ドキドキ胸が高鳴って、それと同時に苦しくもなる。だって、悟くんは凄く楽しそうに笑っているから。

悟くんは1人じゃなくて、長身で黒髪のお団子に結んでいる涼やかな顔立ちの男の子と、色素の薄い金色のロングヘアーのモデルみたいな女の子と、黒髪でボブヘアーの垂れ目の女の子と一緒にいた。3人とも、見目麗しい悟くんと並んでも見劣りしない程整った顔立ちをしていて、4人が並んで歩いている姿は何というか圧巻だった。

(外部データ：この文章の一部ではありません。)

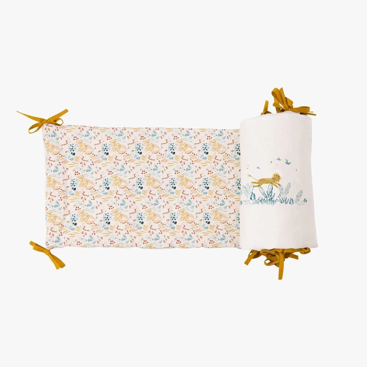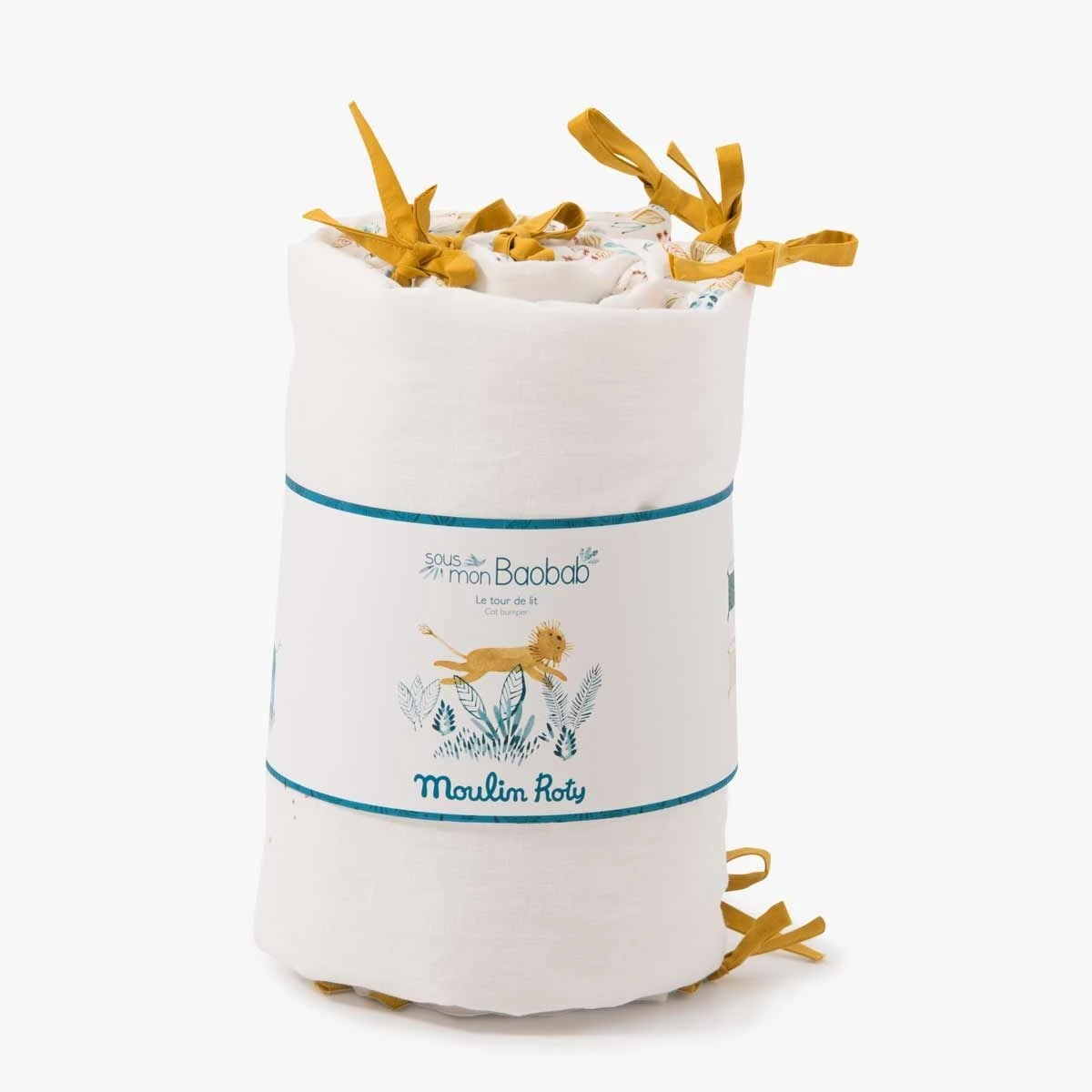 Tour de lit beige rembourré en lin lavé et coton très doux, avec liens jaune ocre, délicatement illustré des animaux de la collection : la girafe, l’éléphant et le lion. Il habillera le lit pour entourer bébé de douceur et décorer sa chambre.

4人共真っ黒な制服に身を包んでいて、同じ高校の同級生だろうか。確か悟くんは宗教系の学校に通っていると言っていた。美しい人の周りには美しい人が集まるんだなと何処か他人事の様に思った。
周りを歩いている人達はちらちらと悟くん達を見ては顔を赤らめたり、ひそひそ話しをしている。それなのに本人達は全く気にしている素振りを見せないから、こういうことは日常茶飯事のことなんだろうと安易に想像ができた。


悟くんは、私がいなくてもあんなに楽しそうに笑えるんだ。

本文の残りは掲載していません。